Within Nineteenth Century Collections Online, the following collections are available:

  • Asia and the West – features collections pertaining to relations between Asian countries and the West during the nineteenth century. Many never before available documents are included in this collection of government reports, diplomatic correspondence, periodicals, newspapers, treaties, trade agreements, NGO papers, personal letters and diaries, nautical charts, maps, ledgers, company records, and expedition and survey reports from 1790 to 1949.
  • British Politics and Society – primary sources related to the political climate in Great Britain during the “long” nineteenth century, covering approximately 1749 to 1914.
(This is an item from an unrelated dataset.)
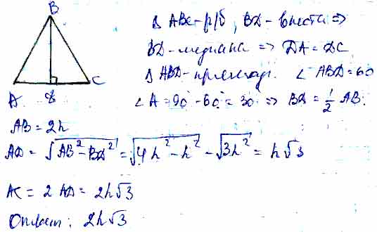 Для того чтобы дать полноценный ответ, был привлечен специалист, который хорошо разбирается требуемой тематике "ЕГЭ (школьный)". Ваш вопрос звучал следующим образом: Найдите площадь равнобедренного треугольника, если высота, проведенная к основанию, равна h, а угол между этой высотой и боковой стороной равен 60°.

  • British Theatre,  Music, and Literature: High and Popular Culture – primary sources related to the arts in the Victorian era, from playbills and scripts to operas and complete scores.
  • Children’s Literature and Childhood – documents the growth of children’s literature during the nineteenth century; includes texts from Europe, Asia, and North America. Intricate illustrations and children’s book texts from North Africa are included, as well as full-text, fully searchable content from a broad range of primary sources.
  • Europe and Africa: Commerce, Christianity, Civilization, and Conquest – primary sources related to the “Scramble for Africa,” colonial conquest and the legacy of slavery, missionaries, explorers, economics, world politics, and international strategy.
  • European Literature, the Corvey Collection 1790-1840 – contains everything from novels and short stories to belles lettres and more populist works, and includes many exceedingly rare works not available in any other collection from the period.
  • Maps and Travel Literature – presents insight into the age of cartography and the rise of leisure travel, spotlighting historical atlases, gazetteers, travel narratives and a variety of maps. Includes sketch maps created during colonial exploration and expansion and features both European and non-European travel narratives.
  • Photography: The World Through the Lens – assembles collections of photographs, photograph albums, photographically illustrated books, and texts on the early history of photography found in libraries and archives across the globe.
  • Religion, Reform and Society – examines the influence of both faith and skepticism on the shaping of many aspects of society. Illustrates the religious and philosophical movements that developed in reaction to cultural and societal changes wrought by the industrial revolution and modernity. Includes material such as manuscripts, monographs, periodicals and photographs.
  • Science Technology and Medicine: Part I – helps researchers place science, medicine and technology in the mainstream of historical study. The nineteenth century was characterized by industrial, technical and social revolution. With a changing society came new approaches to the study of natural history, physics, mathematics, medicine and public health. Collection consists primarily of periodicals and monographs.
  • Science Technology and Medicine: Part II – includes scientific material from the late seventeenth century through the first quarter of the twentieth century, with a primary focus on the nineteenth century. The collection is divided into four major parts: academies of science publications, natural history, public health, and entomology.
  • Women: Transnational Networks – uses primary sources such as serials, books, manuscripts, diaries, reports and visuals to focus on issues at the intersection of gender and class, from the late eighteenth century to the era of suffrage in the early twentieth century, all through a transnational perspective.